++++ DATA PROVIDED

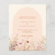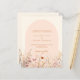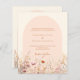 Eine elegante Einladung zur Hochzeit. Cremefarbener Hintergrund und pfirsichfarbener Bogen. Die Wildblumen sind in Beige, Rosa und Aquarell gehalten. Zurück: Fügen Sie die URL/den Link zu Ihrer Hochzeitswebsite für weitere Details und/oder UAWG. 1 Blatt = 1 Einladung gedruckte Kante an Kante.
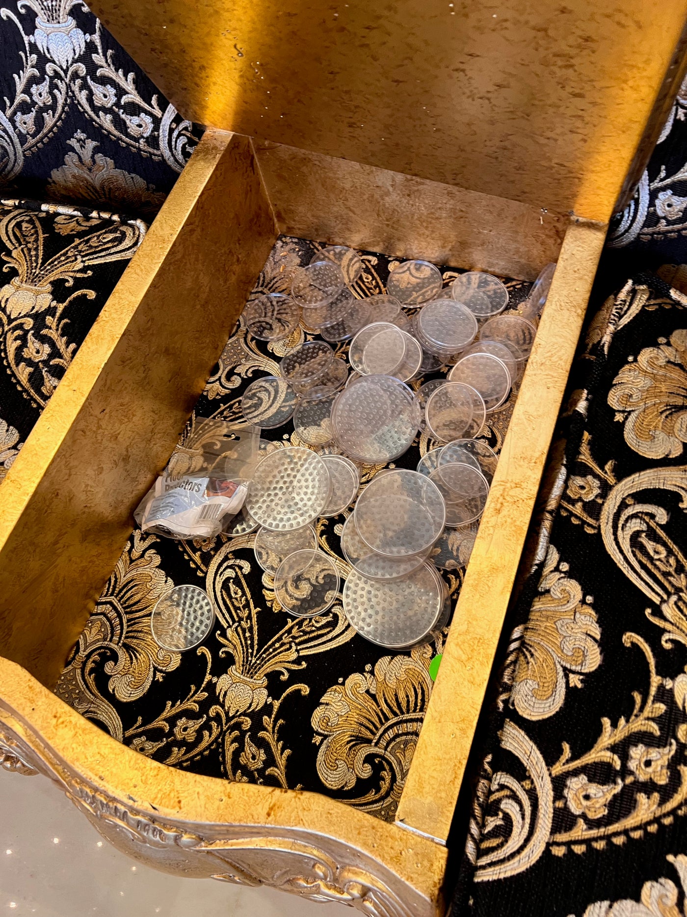 In good condition overall. The middle component that serves as a storage table and slightly come off the hinges. It is made of wood and can either be used as is or repaired.
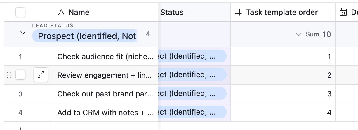 1 the first tasks are created in the right order based on the template order and sorted correctly, and also then I need to be able to manually sort them.
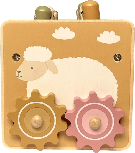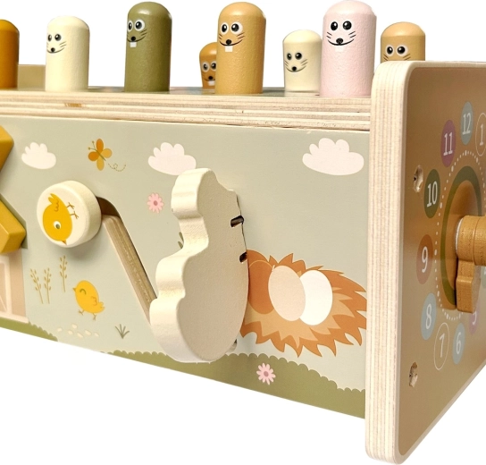 Tato bohatě vybavená dřevěná multifunkční hračka zaujme děti pestrými možnostmi hry a zároveň je nenápadně vede k rozvoji důležitých dovedností. Děti mohou zatloukat veselé krtky dřevěným kladívkem, lovit magnetické rybičky, otáčet ozubenými kolečky, zkoušet ručičky hodin a objevovat další mechanické prvky, které podporují pochopení příčiny a následku.
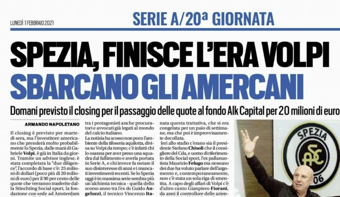 L’edizione odierna di “Tuttosport” si sofferma sulla cessione dello Spezia.
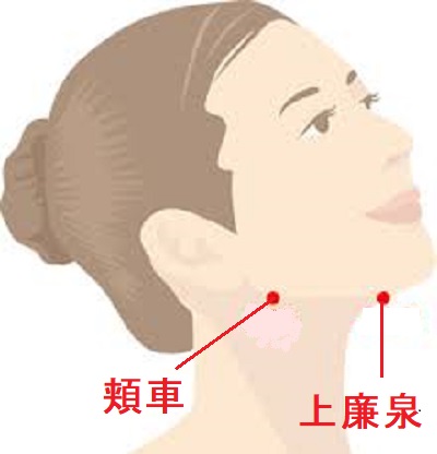 頬 車…あごのエラから1cm内側のくぼみにあります。
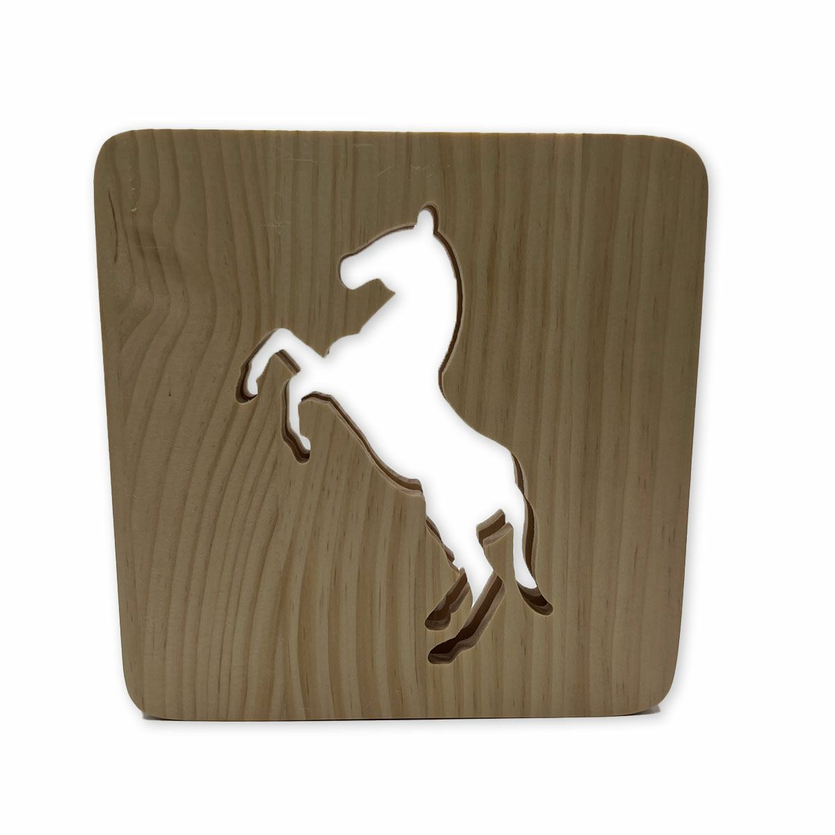 ・馬のシルエットがやさしく光るナチュラル&モダンな雰囲気のウッドホースライト。・木目や色味などは一つ一つ異なり、天然の素材ならではの味わいが楽しめます。・切り抜かれた馬のシルエットの部分が光ります。・あたたかみのある木のよさと、モダンなデザインが融合したライト。・USB電源なのでモバイルバッテリーと組み合わせて色々な空間でご利用いただけます。
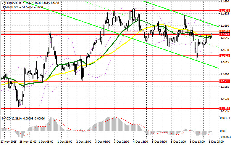 Вчера было образовано несколько точек входа в рынок. Давайте посмотрим на 5-минутный график и разберемся с тем, что там произошло. В своем утреннем прогнозе я обращал внимание на уровень 1.1649 и планировал от него принимать решения по входу в рынок. Снижение и формирование ложного пробоя в районе 1.1649 привели к точке входа на покупку евро, но до крупного роста пары дело так и не дошло. Во второй половине дня активные действия быков уже в районе следующей поддержки 1.1623 привел ко входу в длинные позиции, что вылилось в рост пары на 20 пунктов.
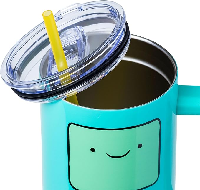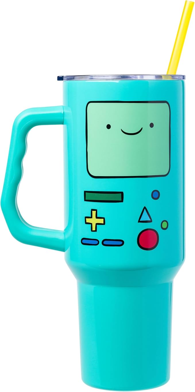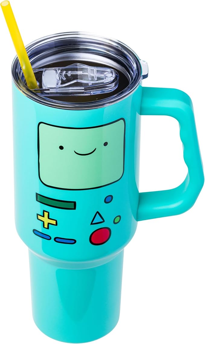 Silver Buffalo Adventure Time Featuring BMO Stainless Steel Tumbler with Handle and Straw, Fits in Standard Cup Holder, 40 Ounces

++++++++

_PROBLEM DETAILS_. For the entries above, print exactly the lines between the one with "1 the first" and the one with "L’edizione odierna di", inclusive, with no pictures.

_RESULT FOR THIS TASK_.
 1 the first tasks are created in the right order based on the template order and sorted correctly, and also then I need to be able to manually sort them.
 Tato bohatě vybavená dřevěná multifunkční hračka zaujme děti pestrými možnostmi hry a zároveň je nenápadně vede k rozvoji důležitých dovedností. Děti mohou zatloukat veselé krtky dřevěným kladívkem, lovit magnetické rybičky, otáčet ozubenými kolečky, zkoušet ručičky hodin a objevovat další mechanické prvky, které podporují pochopení příčiny a následku.
 L’edizione odierna di “Tuttosport” si sofferma sulla cessione dello Spezia.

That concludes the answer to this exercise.